For persisted `mutable_overlay` graphs, committed edge changes normally use
durable projection segments instead of this buffer. When the legacy buffer is
full, the engine enters read-only mode, reports `PG008` at the capacity breach,
and exposes `read_only_reason = 'edge_buffer_full'`.
```sql
ALTER SYSTEM SET graph.edge_buffer_size = 500000;
SELECT pg_reload_conf();
```
Recovery:
```sql
SELECT * FROM graph.vacuum();
-- or
SELECT * FROM graph.maintenance();
```
## Vacuum
```sql
SELECT * FROM graph.vacuum();
```
Return columns:
| Column | Meaning |
|---|---|
| `nodes_before` | Node slots before rebuild |
| `nodes_after` | Node slots after rebuild |
| `tombstones_removed` | Removed inactive node slots |
| `edges_rebuilt` | Directed edges in rebuilt CSR |
| `vacuum_time_ms` | Wall-clock rebuild time |
The current implementation performs a full rebuild from source tables. This is
correct for immutable CSR and reclaims tombstones and overlay state.

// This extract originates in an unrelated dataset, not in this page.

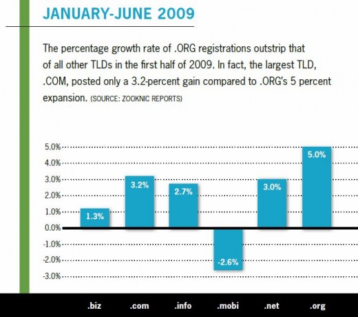Zo valt te lezen dat het gebruik van het .org-domein met 11% gegroeid is naar meer bijna 7,7 miljoen domeinnamen in het eerste half jaar van 2009. Dit is opvallend, omdat bij andere extenties zoals .com en .net juist een (kleine) daling te zien is. De economische recessie zou hiervan de oorzaak zijn, zo berichte ISPam.nl eerder. De effectieve groei van het .org-domein zit op ca. 5% als we de vervallen domeinen meetellen en deze afzetten tegen andere TLD’s.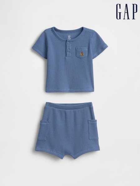 Gap Blue Waffle Henley Outfit Set (0-24mths)

Vacuum has a double-memory period because the old and new engines coexist until
the swap completes. Keep `graph.memory_limit_mb` high enough for both engines.
## Maintenance
Foreground maintenance:
```sql
SELECT * FROM graph.maintenance(concurrently := false);
```
Background maintenance:
```sql
SELECT * FROM graph.maintenance(concurrently := true);
SELECT * FROM graph.maintenance_status('');
```
If background maintenance fails after the worker starts, pgGraph records the
failed status and error detail from a fresh worker transaction so
`graph.maintenance_status('')` remains the operator source of truth.
Return columns:
| Column | Meaning |
|---|---|
| `job_id` | Durable maintenance job ID, or zero UUID for foreground path |
| `status` | `queued`, `running`, `completed`, or `failed` |
| `sync_rows_applied` | Sync rows folded into the rebuild |
| `nodes_after` | Node count after maintenance |
| `edges_after` | Edge count after maintenance |
| `vacuum_time_ms` | Rebuild duration |
| `progress_phase` | Coarse operator phase such as `queued`, `rebuilding`, `persisting`, `validating_persistence`, `completed`, or `failed` |
| `progress_message` | Short operator-readable progress or failure detail |
| `error` | Failure text if any |
`graph.maintenance_status(NULL)` returns the latest 50 maintenance jobs.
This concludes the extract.